▶
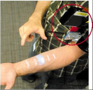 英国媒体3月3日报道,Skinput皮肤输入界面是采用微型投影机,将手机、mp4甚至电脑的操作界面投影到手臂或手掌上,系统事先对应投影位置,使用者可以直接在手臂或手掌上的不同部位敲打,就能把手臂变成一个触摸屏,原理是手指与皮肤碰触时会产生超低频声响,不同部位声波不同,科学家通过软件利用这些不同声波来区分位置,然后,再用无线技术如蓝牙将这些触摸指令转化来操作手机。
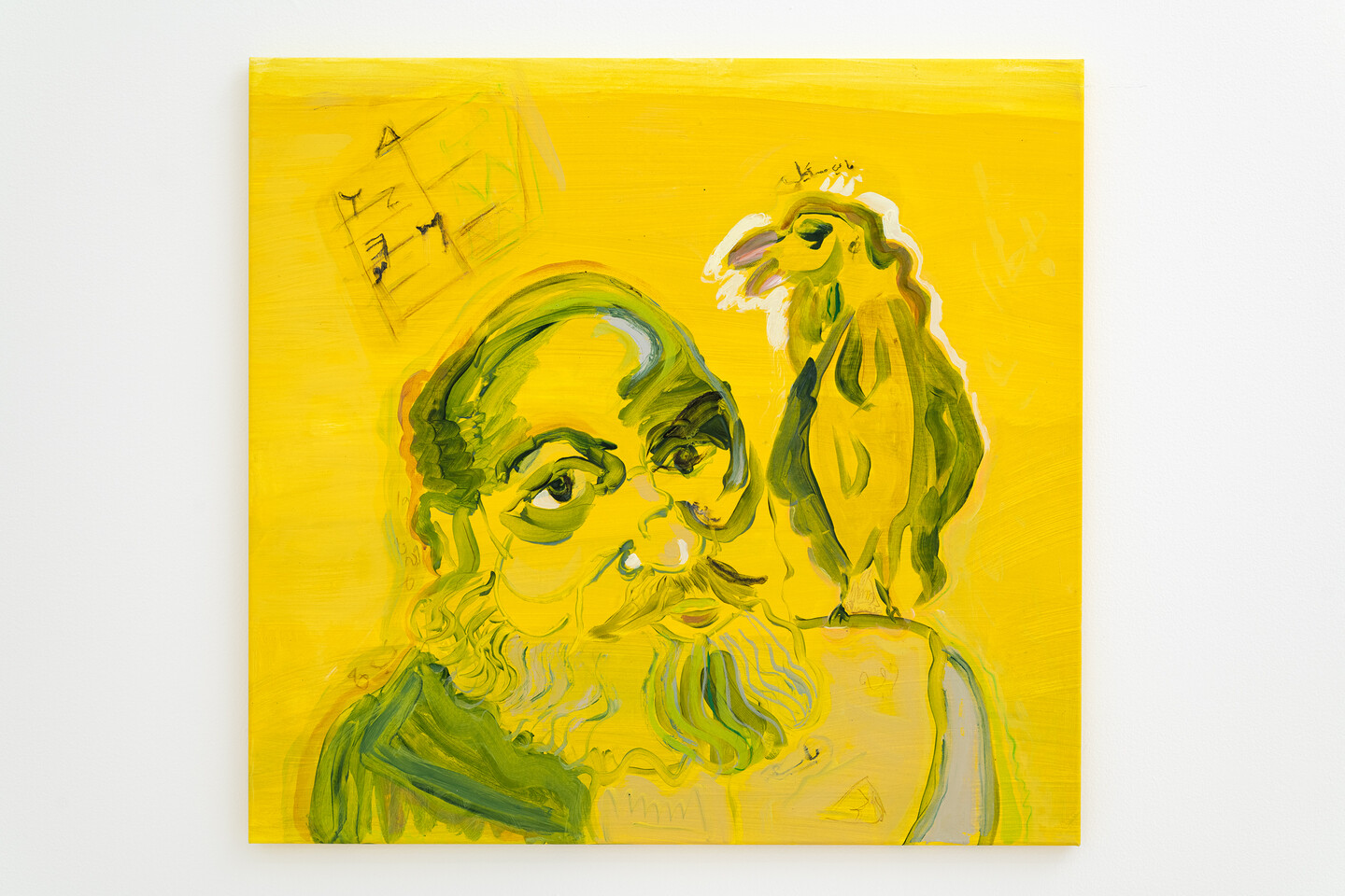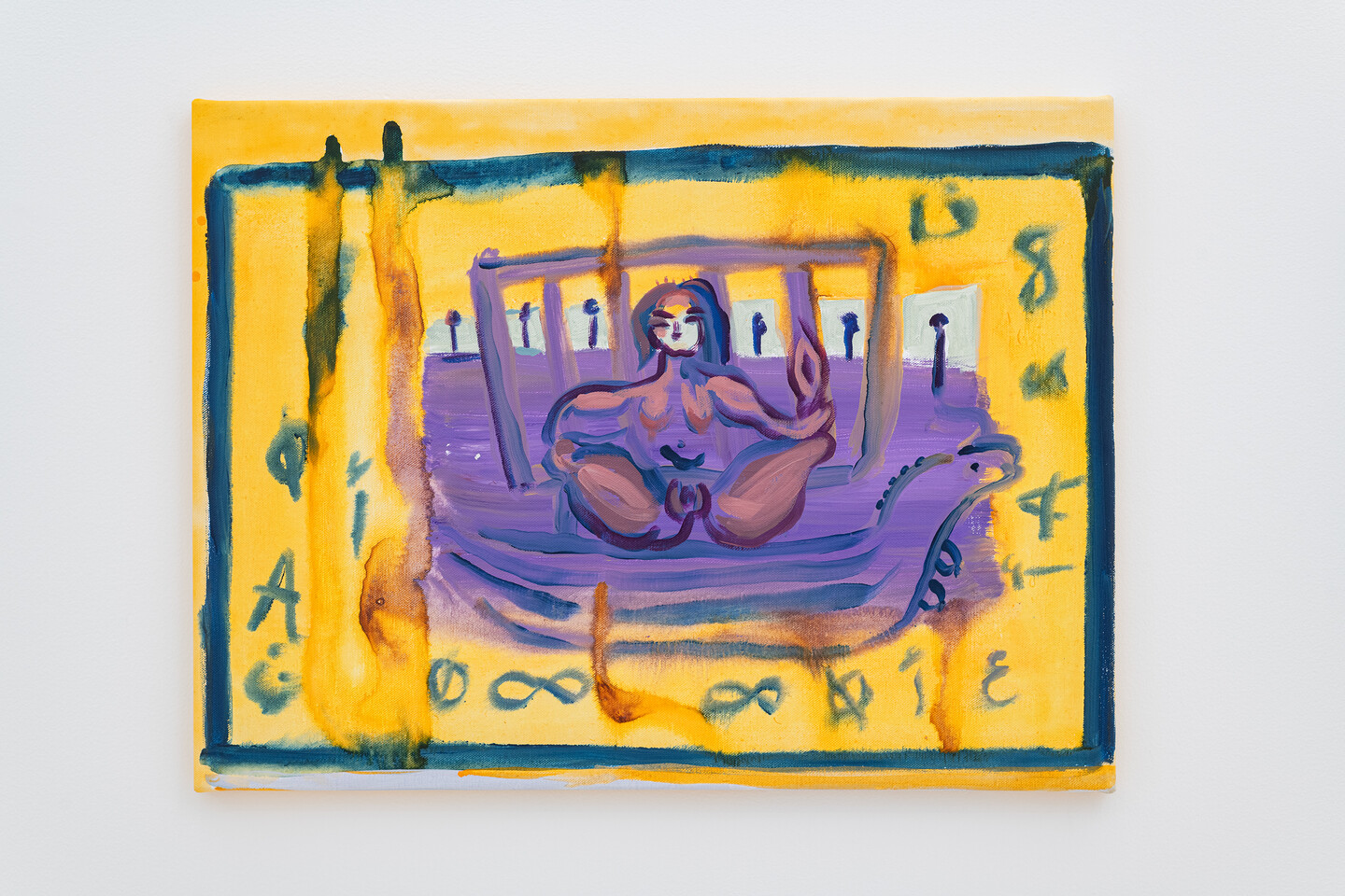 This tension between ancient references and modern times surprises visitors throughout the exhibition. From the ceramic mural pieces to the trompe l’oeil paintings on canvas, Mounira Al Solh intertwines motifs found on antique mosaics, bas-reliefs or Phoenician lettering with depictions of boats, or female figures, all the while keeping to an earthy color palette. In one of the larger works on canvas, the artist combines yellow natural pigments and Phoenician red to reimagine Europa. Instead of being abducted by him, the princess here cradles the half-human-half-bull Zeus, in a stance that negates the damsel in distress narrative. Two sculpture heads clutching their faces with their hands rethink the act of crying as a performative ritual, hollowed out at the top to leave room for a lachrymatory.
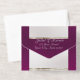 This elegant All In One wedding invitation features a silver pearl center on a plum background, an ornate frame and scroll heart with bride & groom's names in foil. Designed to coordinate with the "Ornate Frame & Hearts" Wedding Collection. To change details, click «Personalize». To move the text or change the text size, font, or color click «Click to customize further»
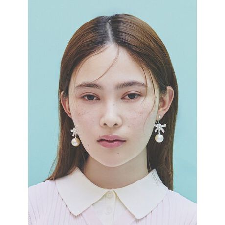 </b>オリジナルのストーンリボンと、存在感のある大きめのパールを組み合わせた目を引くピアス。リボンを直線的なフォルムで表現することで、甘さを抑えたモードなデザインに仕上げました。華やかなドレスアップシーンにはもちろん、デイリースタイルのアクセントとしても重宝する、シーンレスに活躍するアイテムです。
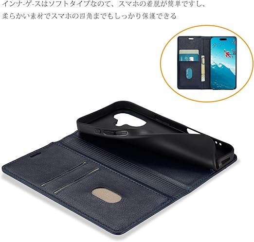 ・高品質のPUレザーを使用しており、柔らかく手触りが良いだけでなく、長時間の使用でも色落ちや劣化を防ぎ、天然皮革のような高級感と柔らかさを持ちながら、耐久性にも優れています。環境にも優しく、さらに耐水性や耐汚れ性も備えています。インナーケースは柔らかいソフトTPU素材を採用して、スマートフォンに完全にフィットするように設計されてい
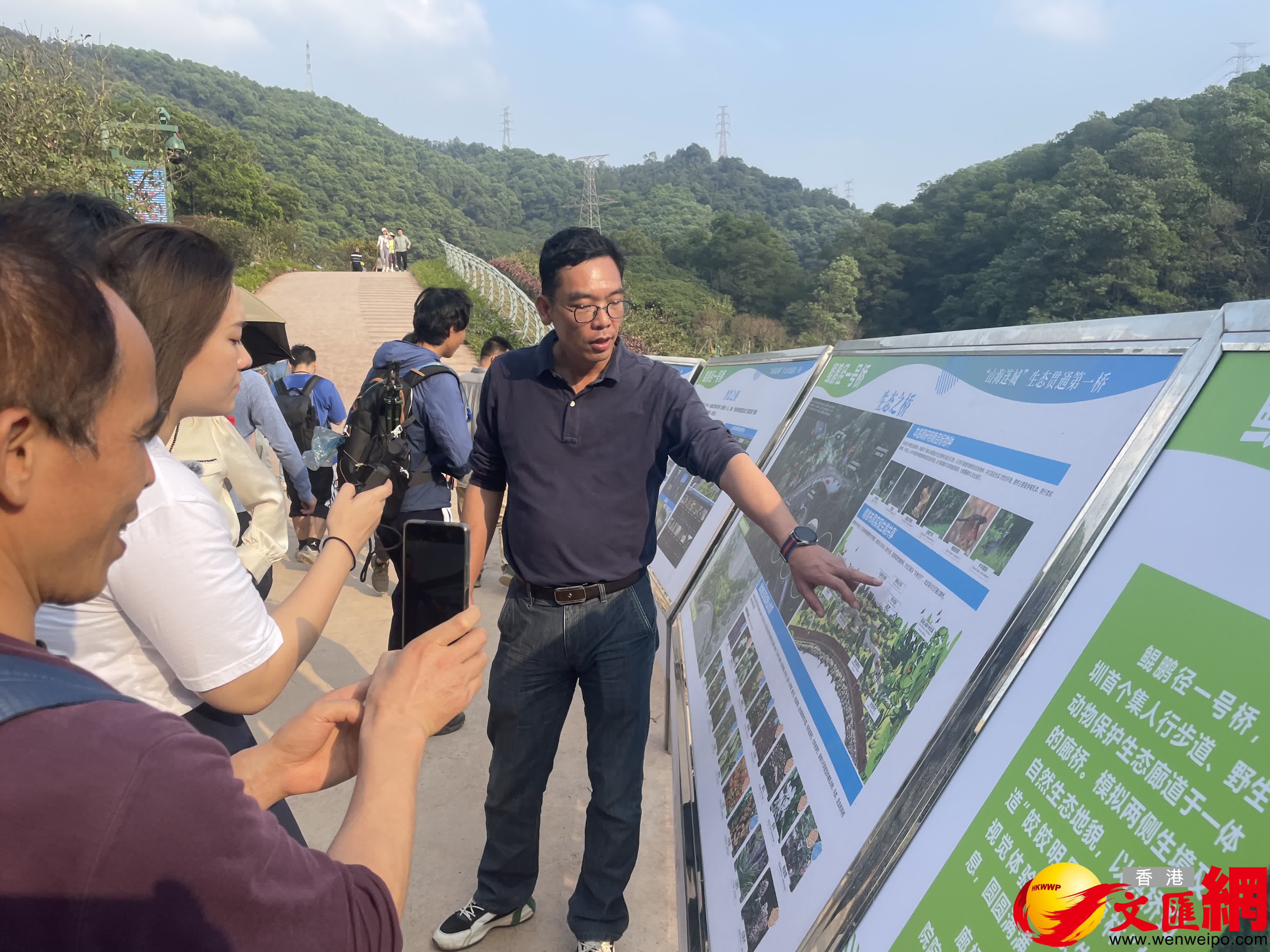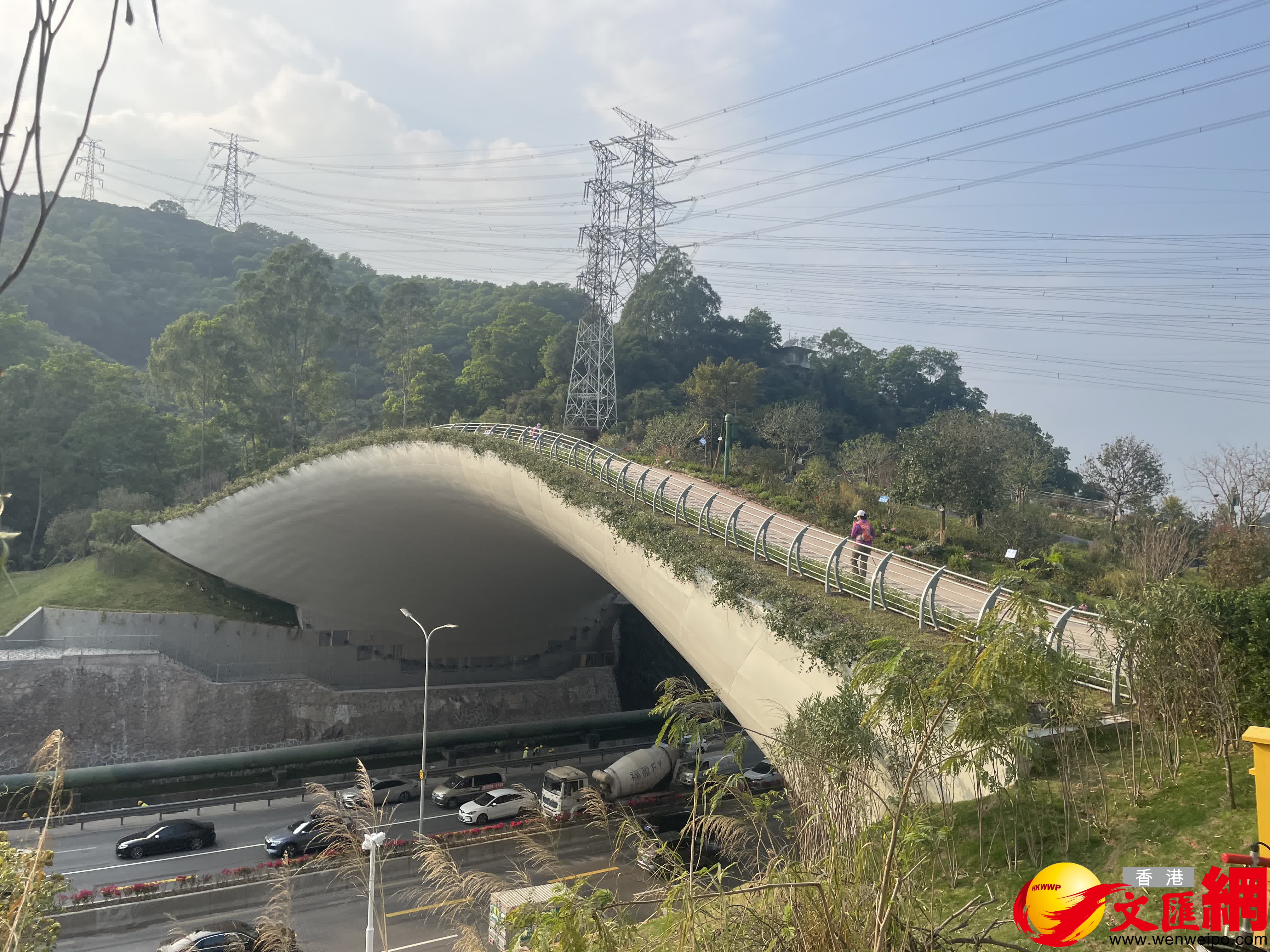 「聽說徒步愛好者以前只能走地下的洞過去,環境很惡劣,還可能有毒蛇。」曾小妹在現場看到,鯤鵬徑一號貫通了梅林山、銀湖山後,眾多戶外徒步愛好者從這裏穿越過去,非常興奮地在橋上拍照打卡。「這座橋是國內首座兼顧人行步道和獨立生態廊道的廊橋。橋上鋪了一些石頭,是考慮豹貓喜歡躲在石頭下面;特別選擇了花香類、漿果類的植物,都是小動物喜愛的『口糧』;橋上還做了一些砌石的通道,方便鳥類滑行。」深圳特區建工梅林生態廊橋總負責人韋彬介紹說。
◀
» **To do**
Where pictures appear, omit them, and transcribe exactly, with nothing else, the lines from the line with "</b>オリジナルのストーン" through the final line of the records above, both ends included.

» **Result for this task**
 </b>オリジナルのストーンリボンと、存在感のある大きめのパールを組み合わせた目を引くピアス。リボンを直線的なフォルムで表現することで、甘さを抑えたモードなデザインに仕上げました。華やかなドレスアップシーンにはもちろん、デイリースタイルのアクセントとしても重宝する、シーンレスに活躍するアイテムです。
 ・高品質のPUレザーを使用しており、柔らかく手触りが良いだけでなく、長時間の使用でも色落ちや劣化を防ぎ、天然皮革のような高級感と柔らかさを持ちながら、耐久性にも優れています。環境にも優しく、さらに耐水性や耐汚れ性も備えています。インナーケースは柔らかいソフトTPU素材を採用して、スマートフォンに完全にフィットするように設計されてい
 「聽說徒步愛好者以前只能走地下的洞過去,環境很惡劣,還可能有毒蛇。」曾小妹在現場看到,鯤鵬徑一號貫通了梅林山、銀湖山後,眾多戶外徒步愛好者從這裏穿越過去,非常興奮地在橋上拍照打卡。「這座橋是國內首座兼顧人行步道和獨立生態廊道的廊橋。橋上鋪了一些石頭,是考慮豹貓喜歡躲在石頭下面;特別選擇了花香類、漿果類的植物,都是小動物喜愛的『口糧』;橋上還做了一些砌石的通道,方便鳥類滑行。」深圳特區建工梅林生態廊橋總負責人韋彬介紹說。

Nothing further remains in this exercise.